[Task statement]:
Nothing but the lines below from the one containing "for easier hanging" through the one containing "召开国际学生座谈会。来自巴基" should appear in the answer, exact and without pictures.

[Provided data]:
+===+
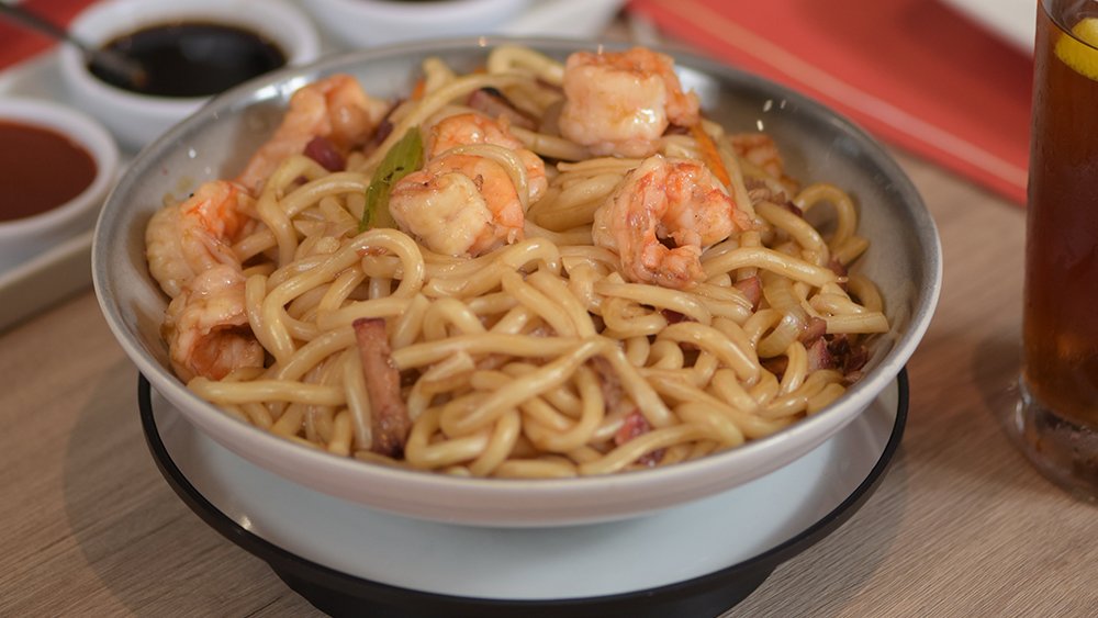 Cerdo ahumado, camarón, pollo, tallarín de la casa, salsa soya, salsa de ostión, cebollín, apio, zanahoria $295
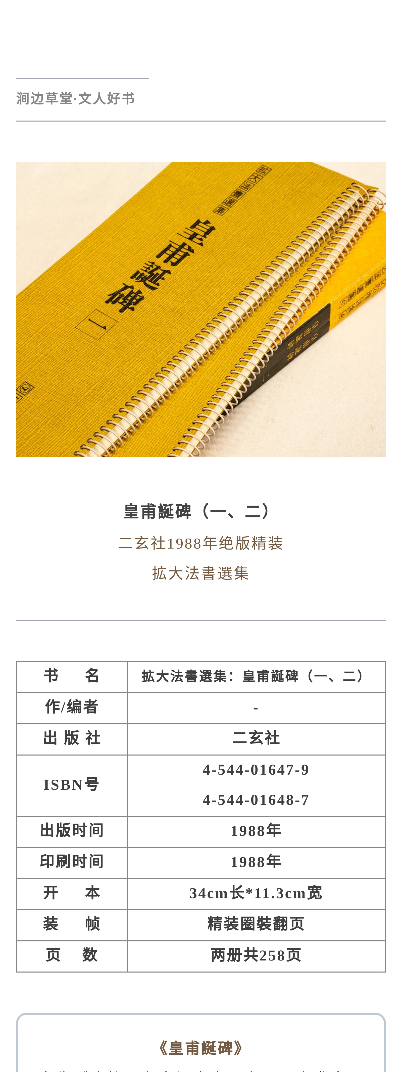 【绝版好书】拡大法书选集--皇甫誕碑(一、二 两本一套)
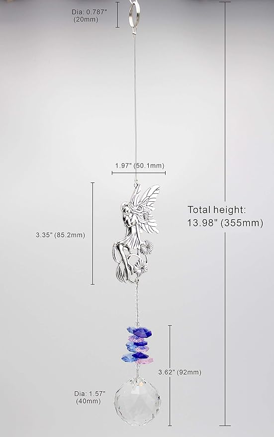 • Prisms: 40mm clear faceted crystal ball & themed multi color super thin edge crystal prisms cascade echoing the higher above metal motif charm, ended with a diameter 2cm stainless key ring at the top for easier hanging
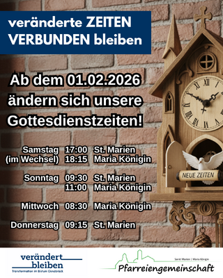 Mit den Pfarrgemeinderäten haben wir intensiv beraten und einen neuen Plan für die Gottesdienstzeiten erarbeitet, der zum 31.01.2026 in Kraft tritt. Wichtig war uns dabei, dass in St. Marien und in Maria Königin weiterhin am Sonntag - als Tag des Herrn und Feier der Auferstehung- eine Messe gefeiert wird.
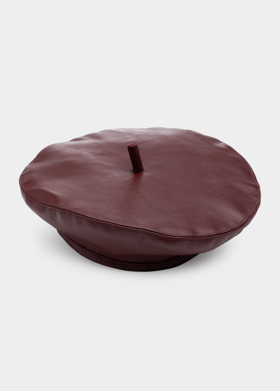 Eugenia Kim "Carter" Bordeaux lamb leather beret with stem Approx. 9.9"Dia Brim width 2.5", head size: 56" Spot clean Imported
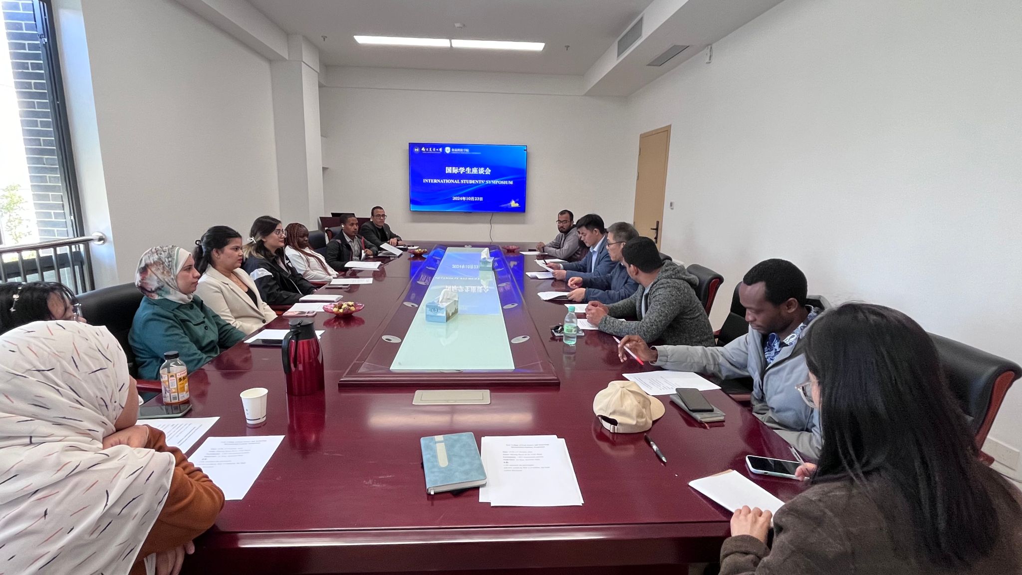 召开国际学生座谈会。来自巴基斯坦、埃及、印度尼西亚、肯尼亚等国家的在校本硕博国际学生参加了会议。
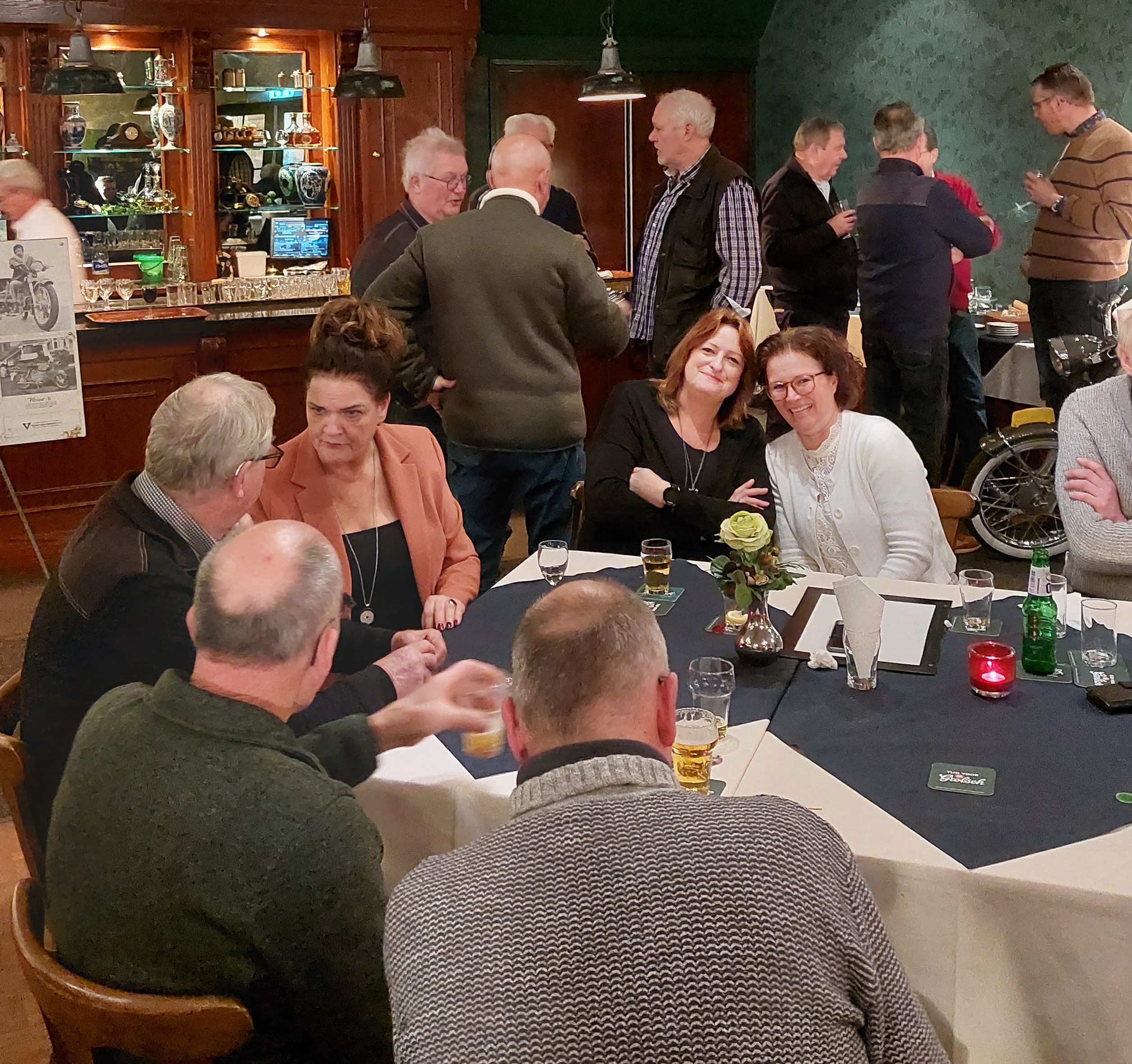 Kreidler red.) Onze voorzitter Ben Dorenbusch deed een woordje en heette iedereen welkom op de receptie. Ben stond even stil bij het verlies van mede oprichter en ere lid Johan Bok. We zijn in hem een dierbare man verloren. Sterkte voor de familie. Er werd samen geproost op het nieuwe jaar waarmee we hopen een fantastisch jaar mag worden. 56 leden waren aanwezig waaronder we ook een paar van onze nieuwe leden mochten leren kennen.
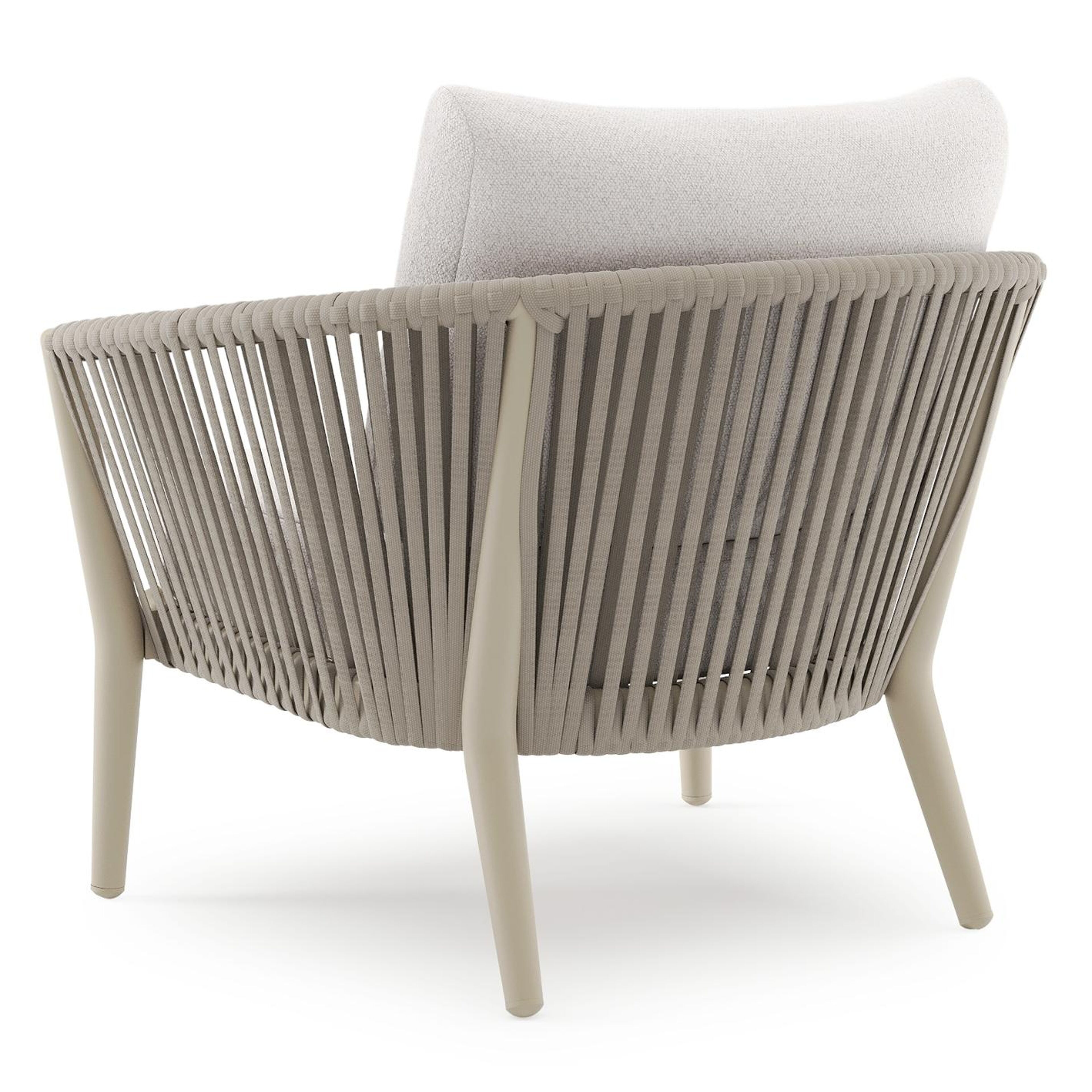 Orso loungestoel in beige aluminium en beige verticaal geweven luxe vlakke rope met Ego Eggshell all weather solica kussen | Exterioo tuinmeubelen
+===+
[Response to the exercise]:
 • Prisms: 40mm clear faceted crystal ball & themed multi color super thin edge crystal prisms cascade echoing the higher above metal motif charm, ended with a diameter 2cm stainless key ring at the top for easier hanging
 Mit den Pfarrgemeinderäten haben wir intensiv beraten und einen neuen Plan für die Gottesdienstzeiten erarbeitet, der zum 31.01.2026 in Kraft tritt. Wichtig war uns dabei, dass in St. Marien und in Maria Königin weiterhin am Sonntag - als Tag des Herrn und Feier der Auferstehung- eine Messe gefeiert wird.
 Eugenia Kim "Carter" Bordeaux lamb leather beret with stem Approx. 9.9"Dia Brim width 2.5", head size: 56" Spot clean Imported
 召开国际学生座谈会。来自巴基斯坦、埃及、印度尼西亚、肯尼亚等国家的在校本硕博国际学生参加了会议。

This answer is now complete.